I guess the main point of the harlotry or adultery allegory is unfaithfulness. Regardless of it being physical or spiritual unfaithfulness.


----------



## Artfuldodger (Sep 16, 2018)

Divorce allegory?

Did Hoses divorce Gomer? 


Hosea 3:1
Then the LORD said to me, "Go and love your wife again, even though she commits adultery with another lover. This will illustrate that the LORD still loves Israel, even though the people have turned to other gods and love to worship them."

Marriage, divorce, reconciliation?


----------



## hobbs27 (Sep 19, 2018)

Pretty interesting that God tells him to take this divorced wife back, which was a direct violation of the law.


----------



## Artfuldodger (Sep 19, 2018)

Interesting also is that Hosea preached "return to the Lord."


----------



## Artfuldodger (Sep 19, 2018)

hobbs27 said:


> Pretty interesting that God tells him to take this divorced wife back, which was a direct violation of the law.

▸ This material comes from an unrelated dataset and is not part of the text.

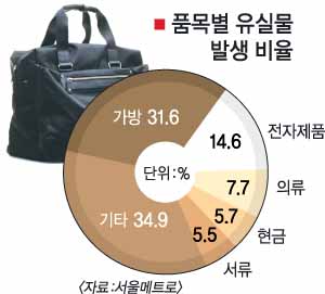 이어 휴대전화나 MP3 플레이어 등 전자제품 7535건(14.6%), 의류 3982건(7.7%) 등이 뒤를 이었다. 가방이나 지갑 등에 든 현금도 2931건(5.7%),2억 5000여만원이나 됐다. 유실물은 서울메트로 홈페이지(www.seoulmetro.co.kr), 서울시도시철도공사 홈페이지(www.smrt.co.kr), 유실물 종합정보서비스(www.lost114.com)에서 화상정보를 이용해 확인할 수 있다. 유실물을 찾기 위해서는 시청역(1·2호선,753-2408∼9)과 충무로역(3·4호선,2271-1170∼1 ), 왕십리역(5·8호선,6311-6765), 태릉입구역(6·7호선,6311-6766) 유실물 센터를 방문해야 한다.

Maybe he took his adulterous wife back before divorcing her.


----------



## Artfuldodger (Sep 19, 2018)

Concerning God's divorce of Israel is in Romans 7.

Romans 7:1-3
Do you not know, brothers (for I am speaking to those who know the law), that the law has authority over a man only as long as he lives?   2For instance, a married woman is bound by law to her husband as long as he lives. But if her husband dies, she is released from the law of marriage. 3So then, if she is joined to another man while her husband is still alive, she is called an adulteress; but if her husband dies, she is free from that law and is not an adulteress, even if she marries another man.


----------



## Artfuldodger (Sep 19, 2018)

In the Hosea analogy God says go and find you wife again. Meaning she was still his wife. Adulterous but wife none the less. Hosea 3:1 illustrates Israel.
So is it safe to say that maybe adulterous Israel never remarried?
Otherwise how could God remarry Israel? Regardless of how we see or view Israel, God remarried her. Spiritual Israel is still Israel. If it's always been spiritual Israel then that's who God remarried.

You can't divorce your physical wife and remarry your spiritual wife as that is part of who you were previously married to.

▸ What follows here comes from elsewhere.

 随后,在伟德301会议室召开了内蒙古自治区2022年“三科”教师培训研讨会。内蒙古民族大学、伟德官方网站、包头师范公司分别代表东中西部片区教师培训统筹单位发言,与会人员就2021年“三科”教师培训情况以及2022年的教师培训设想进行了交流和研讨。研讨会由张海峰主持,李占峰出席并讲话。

Did Israel form a covenant with false gods when God divorced her?


----------



## hobbs27 (Sep 20, 2018)

I think it's all imagery for grace . Israel was playing the harlot. Jesus came for the lost sheep of Israel. Even after the cross Peter and others purged the faithful out of that wicked harlot. Paul turning to the gentiles made them jealous and drew more out. When the full number of the gentiles were brought in...the end to the harlot came. She was divorced through death then raised to life , and remarried as the spiritual new Jerusalem.....IE new covenant kingdom..new jerusalem... the Israel from above.


----------



## Madman (Sep 25, 2018)

It is an image of God's love and faithfulness to His people.


----------



## Artfuldodger (Sep 25, 2018)

Madman said:


> It is an image of God's love and faithfulness to His people.



The harlotry analogy?


----------



## Madman (Sep 27, 2018)

Artfuldodger said:


> The harlotry analogy?



Gomer out chasing men (God's people chasing other gods)
Hosea going to bring her home and love and care for her anyway (God's pursuit of His people)


----------